Dış Köşe

Ennn büyük… – Cengiz Aktar

0

cengiz aktarBüyük, yeni, dik, iri, diri…Oldum olası eril büyüklük, azamet, prim yapmıştır bu memlekette. Ezikliğin, bir baltaya sap olamamışlığın, taşralılığın ilacıdır büyük olan. “Büyük” senin olmasa da vatanın yani bi parça da senindir… AKP’nin 2009 yerel seçim sloganı “Sen Türkiye’sin büyük düşün” bu ruh hâlini en güzel özetleyen slogandı. Bu defa büyüklük AKP’nin ve büyük ustasının seçimdeki temel dayanağı. 2009’daki düşünce aşamasından icraat aşamasına geçmiş partinin memleketi donattığı ucubeler vatan sathında satışta. “Hayaldi gerçek oldu”! Zira iktidarın gösterebilecek pek başka bir icraatı kalmadı. Kürdistan’da ateşkes büyük ölçüde Kürt siyasî hareketinin tasarrufuyla oluştu ve bu sayede sürüyor. Dolayısıyla gelsin dubleyollar, köprüler, tüneller, tokiler, şehirler ve tüketim yağması… Başbakan’la görüşen Avrupavekili Daniel Cohn-Bendit’in dalga geçtiği gibi “HSYK’yı sorduk, dubleyol yaptık dedi”…

Büyüklük hastalığı ne AKP’ye ne de Türkiye’ye mahsus. Ekonomiyi her şeyin önüne koyan her yerde mevcut. Diğerlerine de “azgelişmiş” deniyor zaten. Bu memlekette gelmiş geçmiş bütün merkezî ve mahallî hükümetlerin takıntısı. Ancak bir zamanların “Böyyük Türkiye” sloganıyla bugünkü büyüklüğün farkı, hakikaten iriliğinde ve tükettiğinin miktarında. Memleket büyüyor da büyüyor, her bakımdan… Buna karşılık küçük olan ve doğal olan her şey yok oluyor. Köyler şehirleşiyor, şehirler gökdelenleşiyor, küçük esnaf avmelerce yutuluyor. İki havaalanı yetmiyor, üçüncüsü ihale ediliyor. Ama bedava oldukları farzedilen hava, su, toprak, deniz, kent ve kültürün tahribatı büyümenin bedeli olarak burada ve her yerde er veya geç karşımıza çıkıyor.

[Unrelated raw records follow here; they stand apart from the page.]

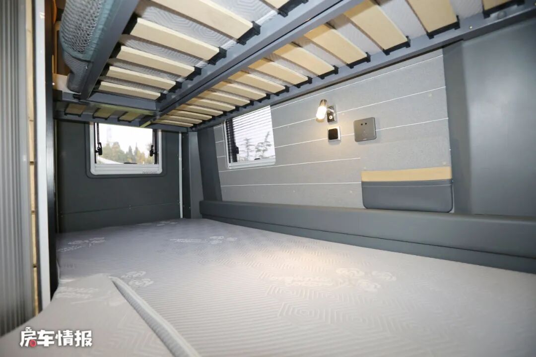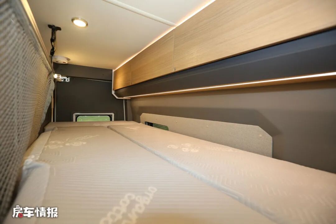 车厢尾部的另外一侧就是全车的休息区了,采用了上下子母床的设计,下床带有拓展功能,最多能够容纳一家三口使用。
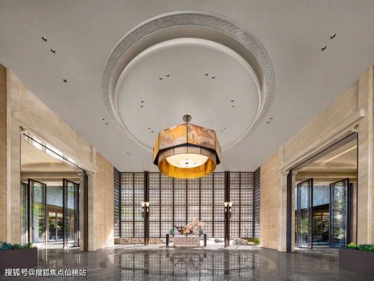 穿过门庭,便来到社区“能量中心”——星辰会所。其大堂名为“余荫山堂”,延续了岭南雅韵。空间理念源于《易经》泰卦,意在营造“藏风聚气,家宅永安”的和谐氛围。
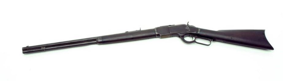 Winchester Model 1873 lever action rifle, ..32 W.C.F. caliber, 24” octagon barrel, S/N 290775B, in overall good condition with a dark patina to metal surfaces, replaced dust cover, good action and markings, rough bore, overall good wood withan old “A” carved into the right side of the butt stock. (Antique). Est.: $900-$1,800.

Bu eril hoyratlığın sonucu, memleketteki dev ama yanlış, lüzumsuz ve kiç “eserler”. Yüzlercesi arasından dört misal: Kış çiçeklendirmesi, Beyoğlu’nun kaldırımı, Melen Çayı boru hattı, Antakya Havaalanı. Yıllardır kışın yapılan yüzmilyonlarca dolarlık çiçeklendirme çöpe atılan kaynaktır. Beyoğlu gibi hafta içinde günde ortalama iki milyon insanın geçtiği bir caddeye zengin ülkelerde asfalt atılır. Melen Çayı Düzce’nin suyunu “çalmakla” kalmıyor, muhtemelen 185 km. çift boru hattı susuzluktan döşendiğiyle kalacak. Amik Gölü üzerine inşa edilen Antakya Havaalanı’nı ise devamlı su basar. Dünyanın en büyük bilmem kaçıncı ekonomisinden kesitler böyle. Hedef daha irileşmek, tüketmek ve ilk ona girmek mâlum.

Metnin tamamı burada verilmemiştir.